Stacking the Shelves is a weekly meme hosted by Tynga's Reviews. Hop on over there to ogle what other bloggers got this week.
Power Up: your incredible, spectacular, supercharged body by Seth Fishman. Illustrated by Isabel Greenberg. unpgd. Greenwillow Books/ HarperCollins, March 19, 2019. 9780062455796.
Publisher synopsis: The companion to the popular and award-winning A Hundred Billion Trillion Stars.
This captivating and educational picture book from Seth Fishman and Isabel Greenberg introduces young readers to basic facts about energy and the human body. Fun, informative and accessible, Power Up is perfect for classroom and family sharing. A great title to read along with Andrea Beaty’s Ada Twist, Scientist and Oliver Jeffers’s Here We Are.
Did you know there is enough energy in your pinkie finger to power an entire city? And that everything you do—running, jumping, playing, and exploring—uses that same energy inside of you?
In the companion to the acclaimed A Hundred Billion Trillion Stars, Seth Fishman and Isabel Greenberg explore the relationship between energy and the human body, breaking down complicated concepts into small, child-friendly segments. Seth Fishman’s playful text explores the science behind the most energetic kids, while Isabel Greenberg’s vibrant illustrations offer plenty for children to explore in multiple readings.
Ideal for curious kids and classroom learning, this engaging book is for fans of Elin Kelsey’s You Are Stardust and John Scieszka’s Science Verse.
Publisher synopsis: This book is about Circle. This book is also about Circle’s friends, Triangle and Square. Also it is about a rule that Circle makes, and how she has to rescue Triangle when he breaks that rule. With their usual pitch-perfect pacing and subtle, sharp wit, Mac Barnett and Jon Klassen come full circle in the third and final chapter of their clever shapes trilogy.
Smile: how young Charlie Chaplin taught the world to laugh (and cry) by Gary Golio. Illustrated by Ed Young. Unpgd. Candlewick Press, March 26, 2919, 9780763697617.

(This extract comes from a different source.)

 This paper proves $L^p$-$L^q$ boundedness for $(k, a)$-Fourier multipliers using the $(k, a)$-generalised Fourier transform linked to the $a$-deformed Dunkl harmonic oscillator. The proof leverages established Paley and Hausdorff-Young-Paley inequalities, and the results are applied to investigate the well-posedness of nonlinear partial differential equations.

Publisher synopsis: Once there was a little slip of a boy who roamed the streets of London, hungry for life (and maybe a bit of bread). His dad long gone and his actress mother ailing, five-year-old Charlie found himself onstage one day taking his mum’s place, singing and drawing laughs amid a shower of coins. There were times in the poorhouse and times spent sitting in the window at home with Mum, making up funny stories about passersby. And when Charlie described a wobbly old man he saw in baggy clothes, with turned-out feet and a crooked cane, his mother found it sad, but Charlie knew that funny and sad go hand in hand. With a lyrical text and exquisite collage imagery, Gary Golio and Ed Young interpret Charlie Chaplin’s path from his childhood through his beginnings in silent film and the creation of his iconic Little Tramp. Keen-eyed readers will notice a silhouette of the Little Tramp throughout the book that becomes animated with a flip of the pages. An afterword fills in facts about the beloved performer who became one of the most famous entertainers of all time.

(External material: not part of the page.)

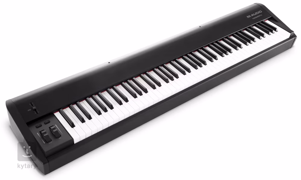 Az M-Audio Hammer 88 segítségével az összes virtuális zongorát és egyéb hangszert úgy vezérelheted, mint egy professzionális színpadi vagy akusztikus zongorán. A kiegyensúlyozott billentyűzet kalapács-mechanikával lehetővé teszi a legnehezebb részek értelmezését is. Van egy fader a hangerőszabályozáshoz, de hozzárendelheti a DAW bármely paraméterének vezérléséhez, valamint egy hangmagasság- és modulációs kerék. A fel/le gombok lehetővé teszik a bankok vagy az egyes zeneszámok közötti navigációt.

I am a huge Chaplin fan and am so sad that the beautiful Sid Fleischman biography about him just sits on the shelf. One of my aims in my sixth grade picture book biography unit is to introduce my students to a wide variety of subjects for "tastings" with the hope that they might expand their reading palates to try more full-length biographies. Also, I am head-over-heels in love with that cover!